In Example 1, we claimed that \(\lim\limits_{x\rightarrow 2}(2x+5) =9\).

  • How close must \(x\) be to 2, so that \(f(x) =2x+5\) is within 0.1 of 9?
  • How close must \(x\) be to 2, so that \(f(x) =2x+5\) is within 0.05 of 9?
  • On the number line, the distance between two points with coordinates \({a}\) and \(b\) is \(\vert{a-b}\vert\).

    Solution (a) The function \(f(x)=2x+5\) is within 0.1 of 9, if the distance between \(f(x)\) and 9 is less than 0.1 unit. That is, if \(\vert f(x)-9\vert\leq 0.1\). \[ \begin{eqnarray*} \vert (2x+5) -9\vert &\leq &0.1 \\ \vert 2x-4\vert &\leq &0.1 \\ \vert 2( x-2) \vert &\leq &0.1 \\ \vert x-2\vert &\leq &\dfrac{0.1}{2}=0.05 \\ -0.05 &\leq &x-2\leq 0.05 \\ 1.95 &\leq &x\leq 2.05 \end{eqnarray*} \]

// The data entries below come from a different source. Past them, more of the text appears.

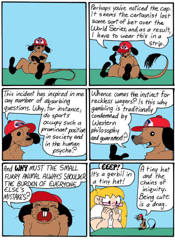 This of course is one of my all time favorite Narbonic strips, and the first Sunday strip I ever owned. I worked practically in the shadow of Angel stadium, and when the Angels made it to the World Series against the San Francisco Giants, I had to try and make some sort of a bet with the only person I knew in San Francisco. Unfortunately, Shaenon wouldn’t bet. At least not right away. She waited until the Giants were up 3 games to 2 before she finally agreed. The bet was $20 vs. at some point one of her characters had to wear an Angels hat in a strip. When they won, I didn’t know what to expect, but it certainly wasn’t this. Shaenon also sent me the original, uncolored strip. It is one of my most prized pieces of animation or comic strip art.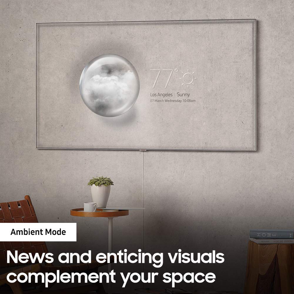 - AMBIENT MODE: Customizes and complements your living space by turning a blank screen of this big screen TV into enticing visuals including décor, info, photos and artwork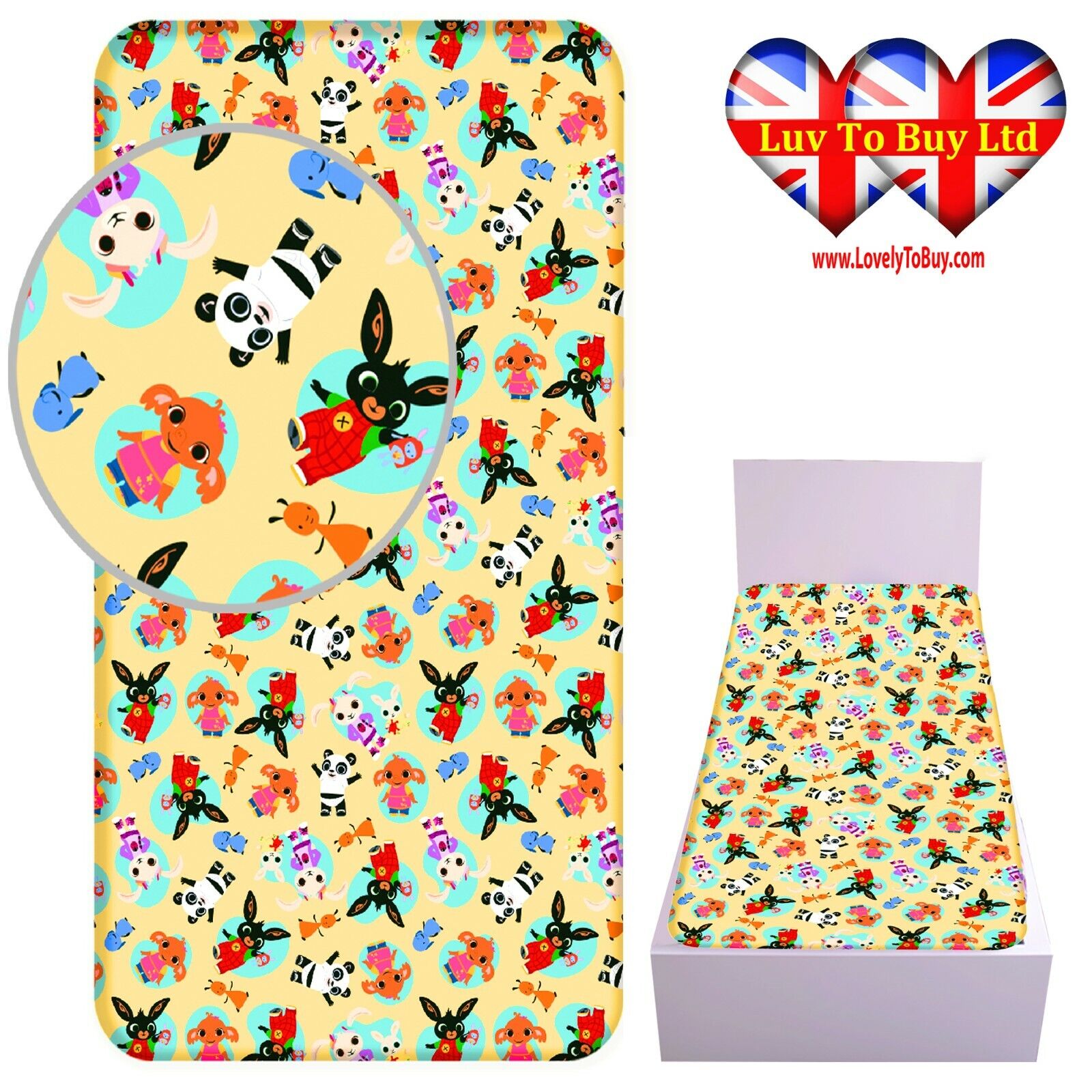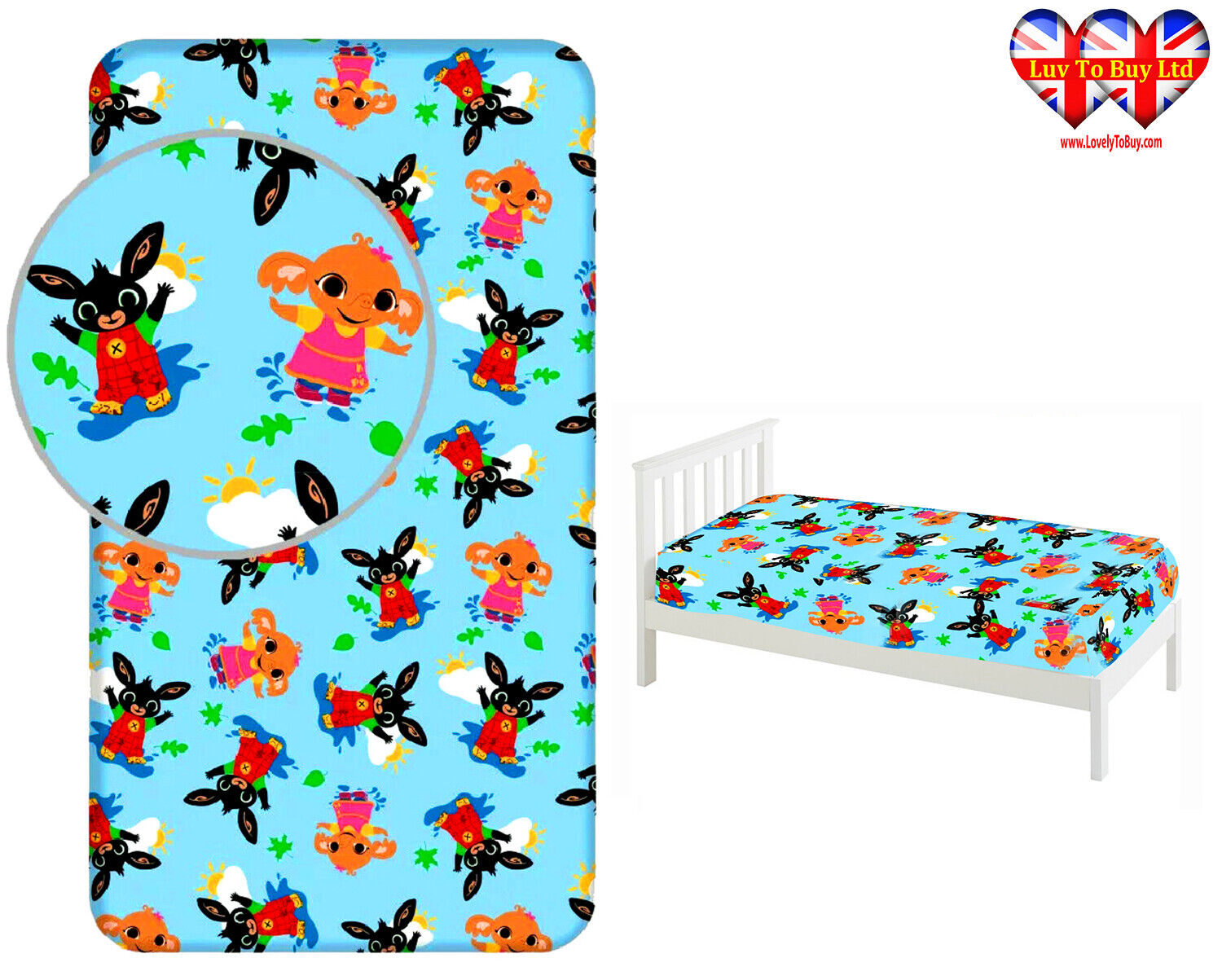 Fitted Sheet Bing Bunny Single Bed%100 Cotton, Official Licensed,(200x90x25cm)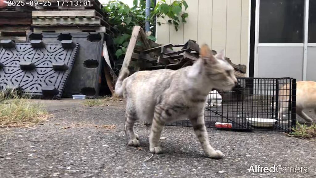 捕獲時、出向くと尻尾を立ててご飯の催促にやってきました。

    Inequalities involving absolute values are discussed in Appendix A.1, p. A-7.

    So, if \(1.95\leq x\leq 2.05\), then \(f(x)\) will be within 0.1 of 9.

    (b)The function \(f(x)=2x+5\) is within 0.05 of 9 if \(\vert f(x) -9\vert \leq 0.05\). That is, \[ \begin{eqnarray*} \vert ( 2x+5) -9\vert &\leq &0.05 \\ \vert 2x-4\vert &\leq &0.05 \\ \vert x-2\vert &\leq &\dfrac{0.05}{2}=0.025 \end{eqnarray*} \]

    \(f(x)=2x+5\)

    So, if \(1.975\leq x\leq 2.025\), then \(f(x)\) will be within 0.05 of 9.